The second problem is more subtle. Recall that Tang and colleagues examined two biological variables—genetic ancestry and blood pressure. If they found an association, they assumed it was because of some unidentified genetic variants that (a) increase susceptibility to high blood pressure and (b) were more common in people of African ancestry. Yet they did not test that assumption, nor did they pursue the alternative possibility that biological associations could be driven by sociocultural processes.
It is easy to take the logic used by Tang and colleagues for granted. Most researchers assume that genetic ancestry is related to health through genetic effects. But what if genetic ancestry and blood pressure are linked because of systemic racism, rather than DNA? What if people with more African ancestry in a racist society are more likely to be poor (they are), to experience discrimination (they do), or to face any number of other stressors we know are associated with high blood pressure? Evidence indicates such connections are better explanations than alleged genetic differences.
Not long after the Tang study came out, Amy Non, then a Ph.D. student in anthropology at the University of Florida and now an associate professor at the University of California, San Diego, took a hard look at the underlying data from the Family Blood Pressure Program. She noticed a single, crude proxy for the wide-ranging consequences of systemic racism: educational attainment. Working with myself and Connie Mulligan, a genetic anthropologist and Non’s advisor at Florida, she replicated Tang and colleagues’ analysis of genetic ancestry and blood pressure but added years of education as another variable. Whatever evidence there might have been for a genetic effect evaporated. Instead, as we reported in the American Journal of Public Health, every additional year of education was associated with an 0.51 mmHg drop in blood pressure, on average. Genetic ancestry added nothing.
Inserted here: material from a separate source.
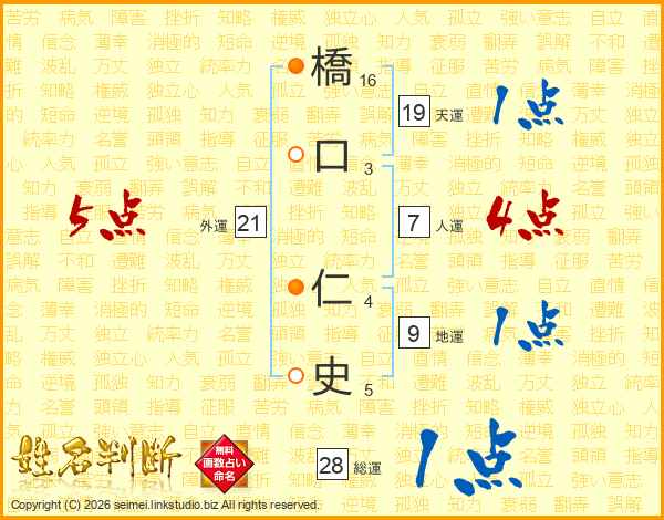 あなたの人生を表す1番重要な運勢です。生涯を通じて影響する総合運となり、主に50歳以降の晩年期に影響を及ぼします。苗字と名前の合計画数。

In the time of COVID-19, this finding is a reminder that genetic ancestry might matter only because we think it should. If we assume that people who are racialized as “black” or “white” are fundamentally different and treat them accordingly, the paradoxical result is that it will produce the very biological differences we presumed to exist in the first place. But it’s not because of any deep-seated differences in our DNA. It’s because our social structures and attitudes promote the well-being of some and devalue others.
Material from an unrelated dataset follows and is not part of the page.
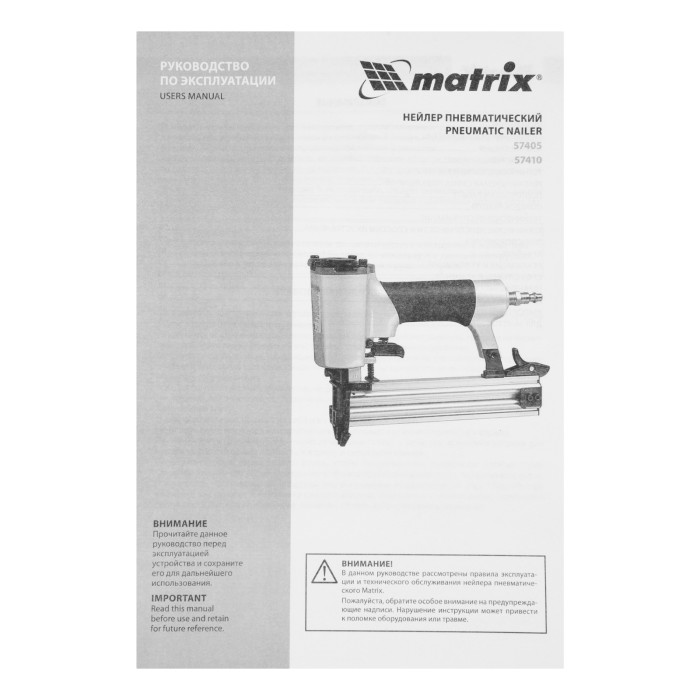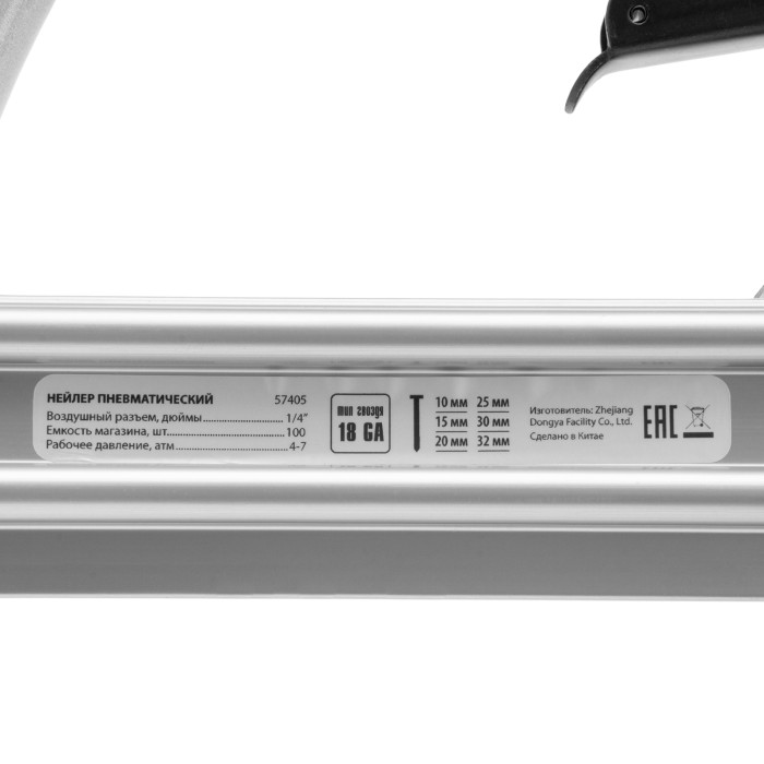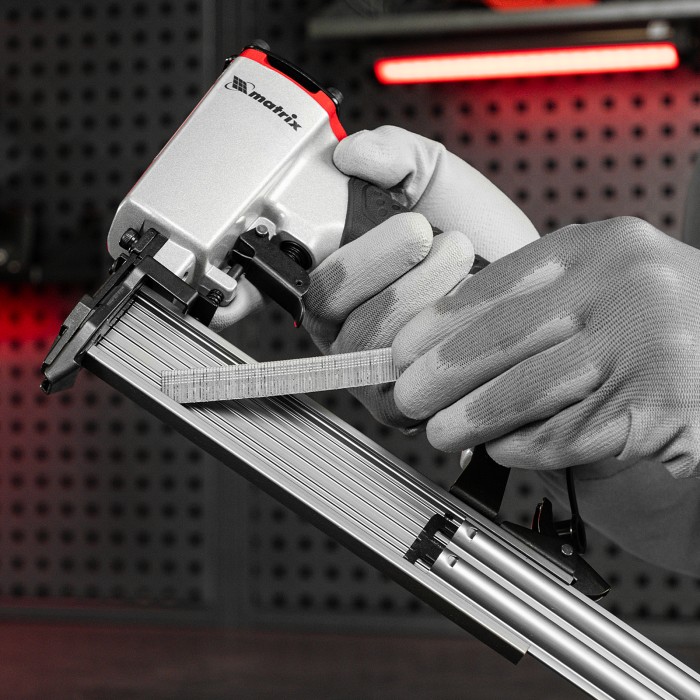 Пневматический нейлер Matrix 57405 предназначен для гвоздей 18GA длиной от 10 до 32 мм. Применяется во время строительства и ремонта, кровельных работ и производства мебели. С помощью нейлера можно закрепить паркетную доску, фанеру, ДВП, шифер, гипсокартон, ткань и бумагу.ПреимуществаМагазин на 100 гвоздей — одной обоймы хватает надолго, что позволяет сэкономить время на зарядку инструмента.Быстрая подготовка к работе — установка обоймы занимает несколько секунд.Прочность — алюминиевый корпус устойчив к механическим повреждениям.Комфортная работа — обрезиненная ручка обеспечивает удобный хват инструмента.Вес 1,2 кг — мастер сможет длительное время работать без усталости.Гарантия 3 года — высокое качество инструмента подтверждено производителем.

In his NPR interview, Cassidy downplayed the role of systemic racism as a root cause of COVID-19 inequalities. “That’s rhetoric, and it may be,” he said. “But as a physician, I’m looking at science.” However, the science does not say what Cassidy thinks it does. Thanks to decades of careful research, we know that what we gloss as “race” corresponds poorly to genetic variation, and we know that racism is deadly. An ethical, scientific response to COVID-19 demands that we honor the highest standards of evidence in evaluating genetic guesswork, while measuring the biological costs of systemic racism and intervening to stop it.